¹⁰ Department of Clinical Biochemistry, Hospital Lillebaelt, Vejle, Denmark.
¹¹ Institute of Regional Health Research, University of Southern Denmark, Odense, Denmark.
¹² Laboratory of Genomics and Molecular Biomedicine, Department of Biology, University of Copenhagen, Copenhagen, Denmark.
¹³ BGI-Research, Shenzhen, China.
¹⁴ iCarbonX, Shenzhen, China.

Abstract

Background: Based on the association of common GLIS3 variants with various forms of diabetes and the biological role of GLIS3 in beta-cells, we sequenced GLIS3 in non-diabetic and diabetic Danes to investigate the effect of rare missense variants on glucose metabolism.
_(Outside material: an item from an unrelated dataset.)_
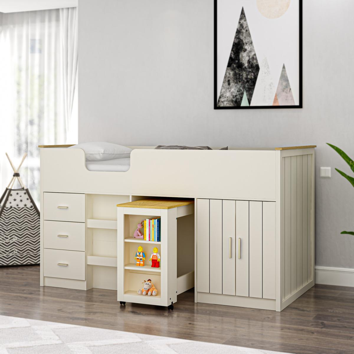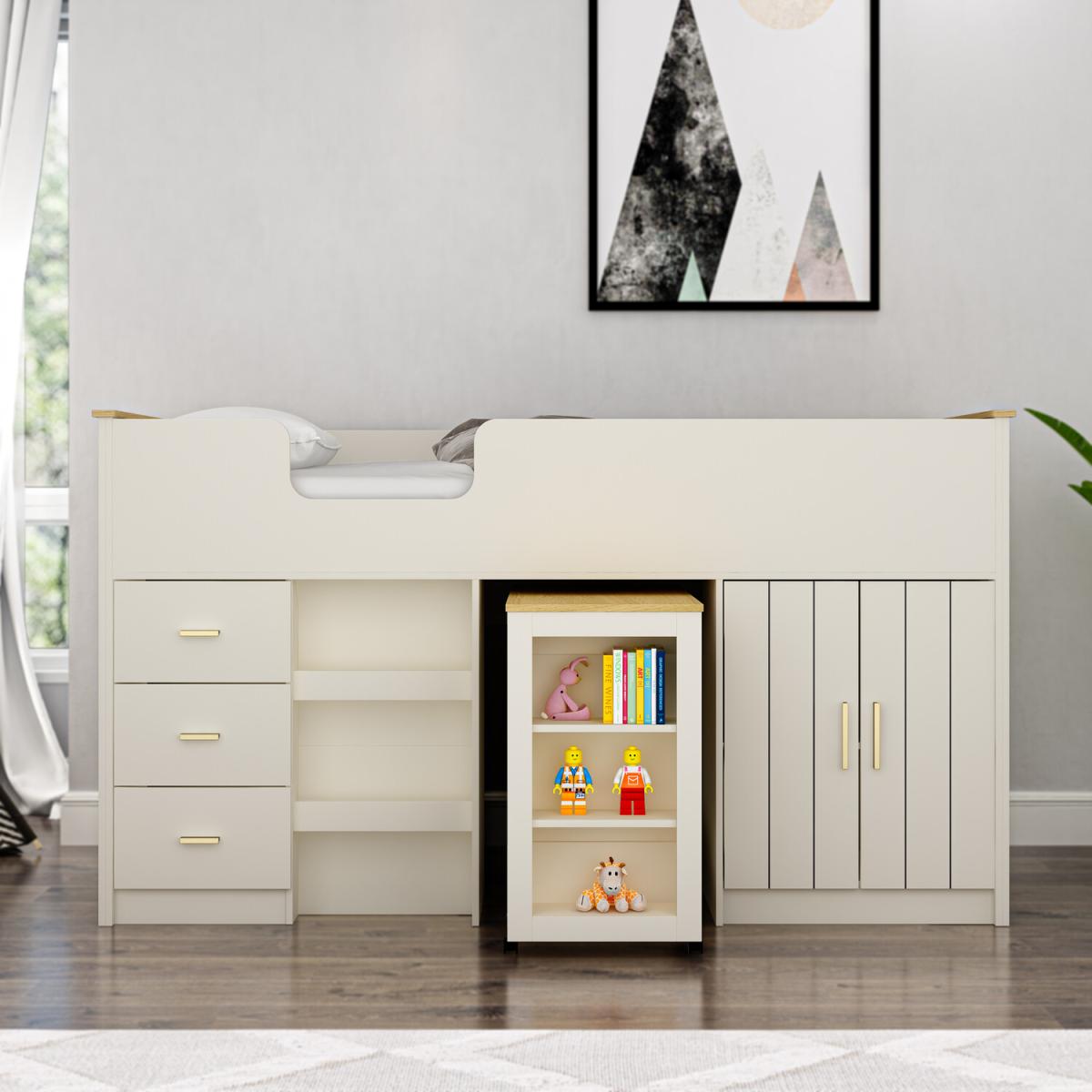 I’m a fan of this cream and gold mid sleeper because it combines a neat, elevated sleeping space with plenty of clever storage - drawers, cupboards and an open trolley for books or toys. It sits well in Scandi-inspired or neutral contemporary bedrooms and can be dressed up with pastel bedding or bolder accent cushions. For styling, tuck a soft rug underneath to define the area, add woven baskets in the open shelves for toys and use coordinating gold-trimmed accessories (a lamp or picture frames) to tie the look together. A slim potted plant beside it brings a touch of greenery without cluttering the footprint.

Methods: We sequenced 53 patients with maturity-onset diabetes of the young (MODY), 5,726 non-diabetic participants, 2,930 patients with newly diagnosed type 2 diabetes and 206 patients with glutamic acid decarboxylase antibody (GADA) -positive diabetes.
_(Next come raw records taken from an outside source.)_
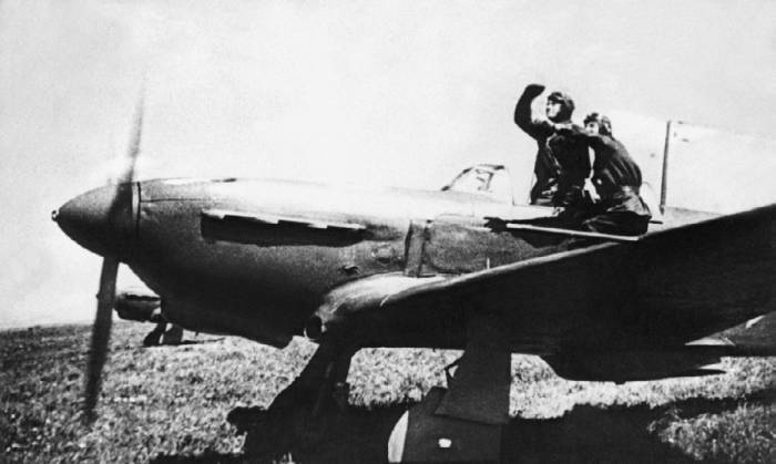 Летчик-испытатель Леонид Расторгуев в кабине самолета Як-3 с мотором М-105ПФ-2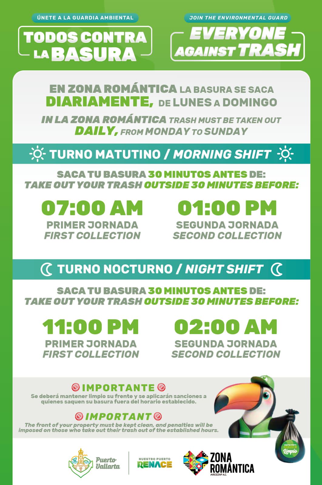 -Ante el aumento de actividad turística en temporada alta, el Gobierno Municipal de Puerto Vallarta solicitó a residentes y empresarios de la Zona Romántica ajustarse a los horarios de recolección para evitar acumulación de residuos y sanciones
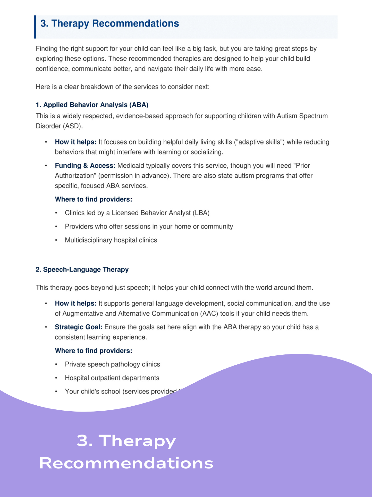 This is a real example of a personalized CareRoute Plan. Each plan is created for your child’s state, age, and needs, and organizes every major support system into one clear roadmap.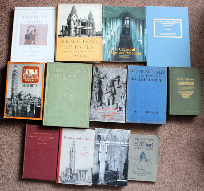 Church Architecture and History including Howard Mediaeval Styles of the English Parish Church 1936, inscribed by the author; Sykes Ramsden Street Independent Chapel Huddersfield 1925; Crossley English Church Monuments 1150-1550 Batsford [1921]; Corroyer Gothic Architecture 1893; and Lang Rebuilding St.Paul's Oxford 1956. Good to fine. (13)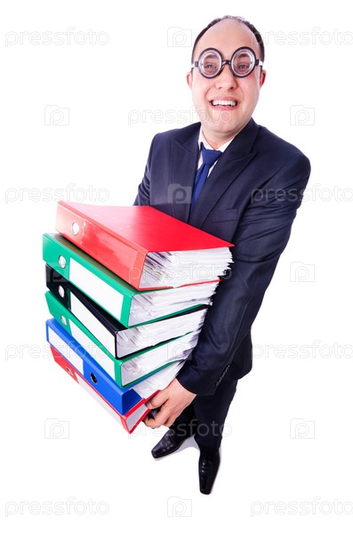 Забавный мужчина с большим количеством документов на белом фоне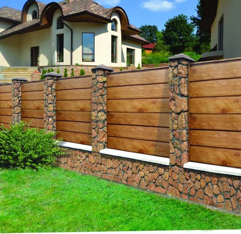 Комбинации различных строительных материалов при изготовлении забора вокруг территории частного дома могут дать отличный результат. Вместе они создают прочное и долговечное ограждение с уникальным внешним видом.
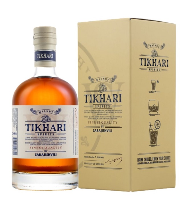 Brandy TIKHARI 0,5L 40% Sarajishvili je vyroben z tradičních odrůd hroznového vína Lalvari a Rkatsiteli pěstovaných na gruzínských vinicích v oblasti Kachetie. Součástí Tikhari je také extrakt přepážek z vlašských ořechů, který dodává nápoji jedinečnou chuť a vůni. Tikhari se vyznačuje jantarovou barvou, vyniká svou měkkostí a jemností. Doporučuje se pít po malých doušcích. Minimální doba zrání v dubových sudech je 5 let.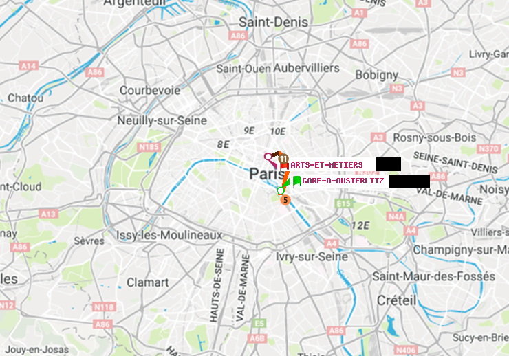 A : Gare d'Austerlitz | B : Arts-et-Métiers

Results: In total we identified 86 rare (minor allele frequency < 0.1%) missense variants. None was considered causal for the presence of MODY. Among patients with type 2 diabetes, we observed a higher prevalence of rare GLIS3 missense variants (2.5%) compared to non-diabetic individuals (1.8%) (odds ratio of 1.37 (interquartile range:1.01-1.88, p = 0.04)). A significantly increased HbA1c was found among patients with type 2 diabetes and with GADA-positive diabetes carrying rare GLIS3 variants compared to non-carriers of rare GLIS3 variants with diabetes (p = 0.02 and p = 0.004, respectively). One variant (p.I28V) was found to have a minor allele frequency of only 0.03% among patients with type 2 diabetes compared to 0.2% among non-diabetic individuals suggesting a protective function (odds ratio of 0.20 (interquartile range: 0.005-1.4, p = 0.1)), an effect which was supported by publically available data. This variant was also associated with a lower level of fasting plasma glucose among non-diabetic individuals (p = 0.046).
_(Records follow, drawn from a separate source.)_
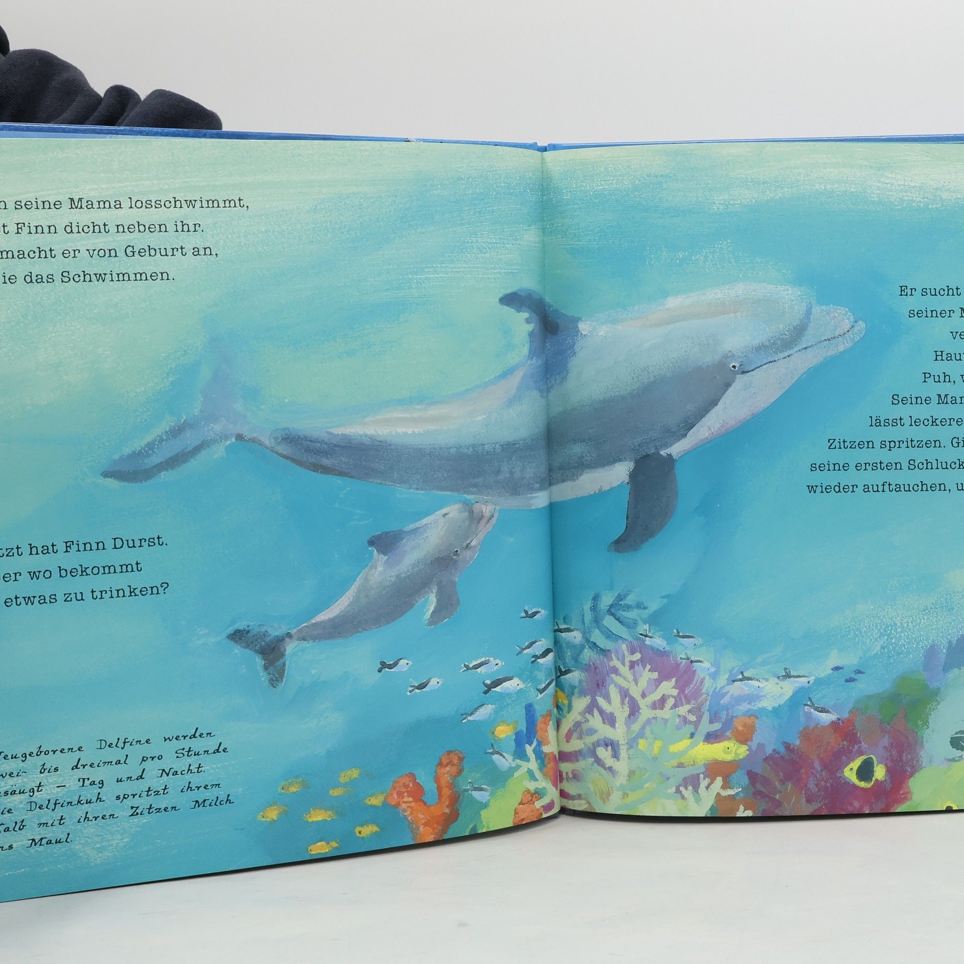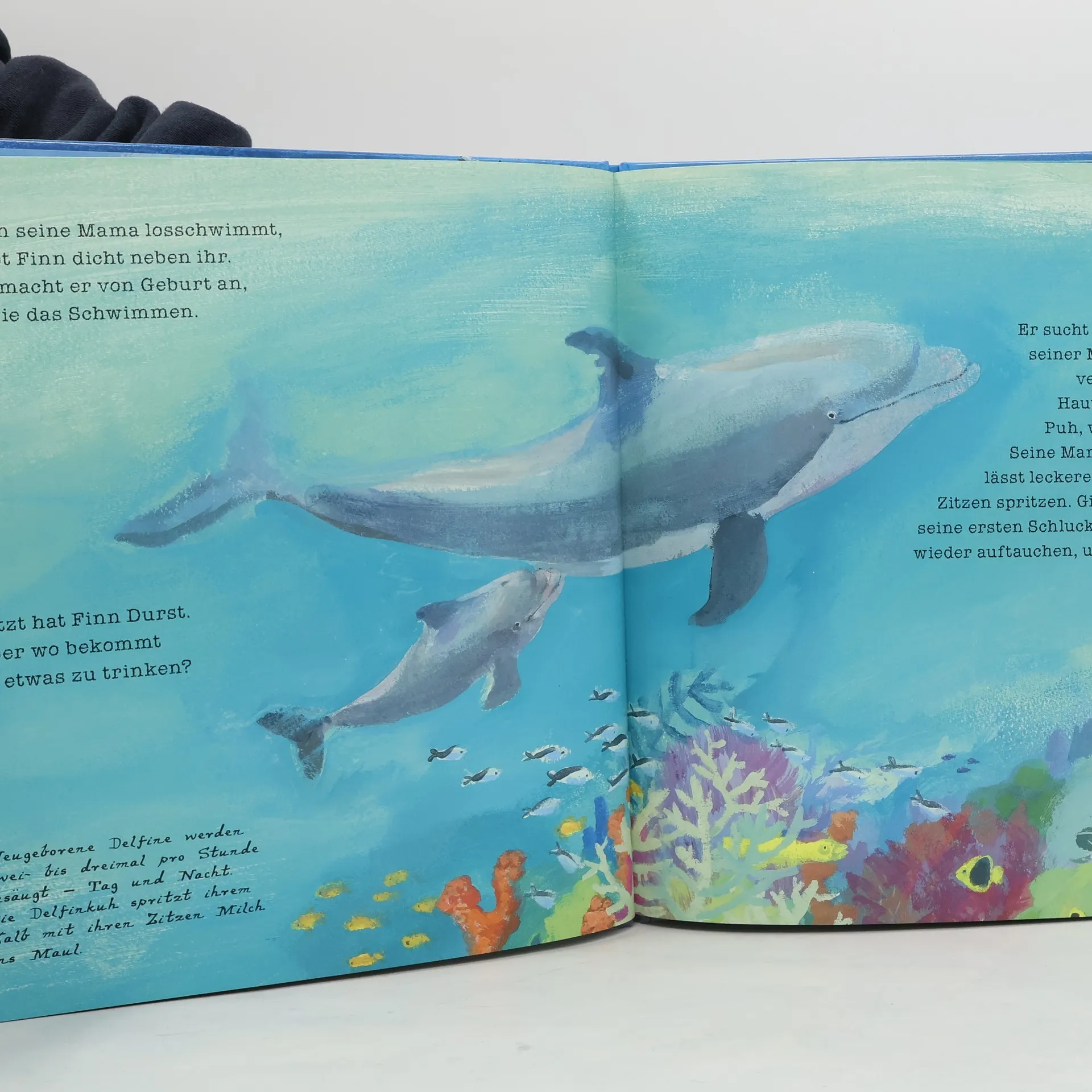 Schwups, da ist er! Mit dem Schwanz voran kommt der kleine Delfin Finn zur Welt- und ist schon als Baby über einen Meter groß! Doch bis er erwachsen ist, muss er noch so vieles lerne. Gut, dass seine Mama ihm dabei hilft Ab 4 Jahre
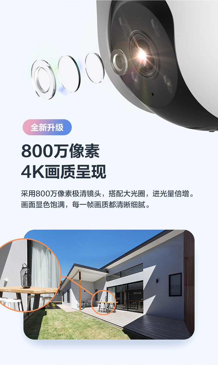 萤石摄影头C8C800万家用无线高清监控器手机远程莹石云摄像头户外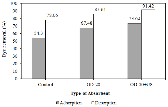 Figure 3(a) shows the adsorption capacity of adsorbent with different pre-treatments in 40 mg/L of dye solution decreased when the adsorbent dosage increased from 50 mg to 150 mg. When the dosage of adsorbent increases, the number of active sites on the adsorbent structure will also increase, thus increases the opportunity for the dye particles to bind with the adsorbent, hence lead to higher percentage of dye removal as showed in Figure 3(b) [22]. However, the adsorption capacity of the adsorbent during the equilibrium is depends on the ratio between the active site to the concentration of dye in the solution. Lower dosage of adsorbent shows higher adsorption capacity at the end of the adsorption process as most of the active sites are filled with dye particles after the adsorption, while higher dosage of adsorbent shows lower adsorption capacity as the ratio of active sites availability in the structure is higher than the amount of dye particles to be adsorbed in the solution. Higher dosage of adsorbent gave dramatic positive impact on decolorization and shows a direct proportional relationship between the adsorbent dosage and the percentage of dye removal [23]. The adsorbent pre-treated with lowest brix of hypertonic solution gave the highest percentage of dye removal as showed in Figure 3(b). At the highest dosage of 150 mg, OD-20 pre-treated orange peel indicated the highest increased about 37% compared to the control. Whilst with the assistance of ultrasound, OD-20+US pre-treated orange peel had further increased the dye removal percentage about 49% compared to the control.3.4. Desorption Study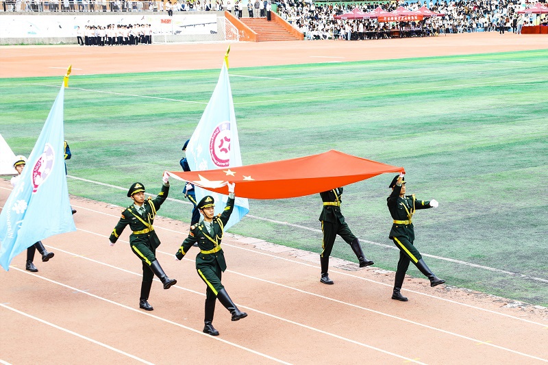 开幕式入场仪式上,国旗护卫队英姿飒爽,迈着整齐有力、气宇轩昂的步伐,护卫着鲜艳的国旗、校旗和象征着团结拼搏、积极向上精神的会徽率先入场。他们坚定的眼神、挺拔的身姿,展现出对国家和学校的深深敬意,也让现场氛围瞬间庄重而热烈。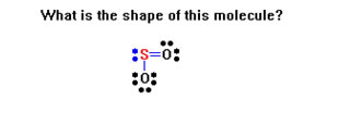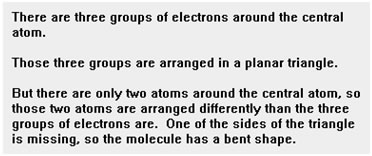 When there are three groups of electrons around the central atom, but only two atoms, these atoms are said to be in an angular or bent arrangement. Notice that the lone pair of electrons is pushing the two bonds down, causing them to be closer together than if there were no lone pairs. This angular – or bent – arrangement of the bonds gives the molecule its shape. The angle between the bonds is approximately 120o. The second figure shows what the molecule looks like the when the “invisible” lone pair is not shown.

Conclusion: Rare missense variants in GLIS3 associates nominally with increased level of HbA1c and increased risk of developing type 2 diabetes. In contrast, the rare p.I28V variant associate with reduced level of fasting plasma glucose and may be protective against type 2 diabetes.

Publication types

Research Support, Non-U.S. Gov't

MeSH terms

Adult
Aged
Alleles
Blood Glucose
DNA-Binding Proteins / genetics*
Diabetes Mellitus, Type 2 / blood
Diabetes Mellitus, Type 2 / genetics*
Female
Gene Frequency
Genetic Predisposition to Disease
Genotype
Humans
Male
Middle Aged
Mutation, Missense*
Prediabetic State / blood
Prediabetic State / genetics*
Repressor Proteins / genetics*
Trans-Activators / genetics*

Substances

Blood Glucose
DNA-Binding Proteins
GLIS3 protein, human
Repressor Proteins
Trans-Activators

Supplementary concepts

Mason-Type Diabetes

Grants and funding

This project received funding from the European Union’s Horizon 2020 research and innovation program under grant agreement No 667191 (authors awarded: APG, NG and TH). In addition, the study was supported from the Danish Diabetes Academy, the Danish Medical Research Council, the European Foundation for the Study of Diabetes (EFSD), the Novo Nordisk Foundation (Immunometabolism, NNF15CC0018486) and the Danish Diabetes Association. The DD2 cohort was funded by the Danish Agency for Science (grant no. 09-067009 and 09-075724) (authors awarded: JSN and JR). The Novo Nordisk Foundation Center for Basic Metabolic Research is an independent research center at the University of Copenhagen, partially funded by an unrestricted donation from the Novo Nordisk Foundation (www.metabol.ku.dk). The BGI provided support in the form of salaries for author [JS and KK], but did not have any additional role in the study design, data collection and analysis, decision to publish, or preparation of the manuscript. The specific roles of these authors are articulated in the ‘author contributions’ section. The iCarbonX provided support in the form of salaries for author [WJ], but did not have any additional role in the study design, data collection and analysis, decision to publish, or preparation of the manuscript. No other funders had any role in study design, data collection and analysis, decision to publish, or preparation of the manuscript. The specific roles of these authors are articulated in the ‘author contributions’ section.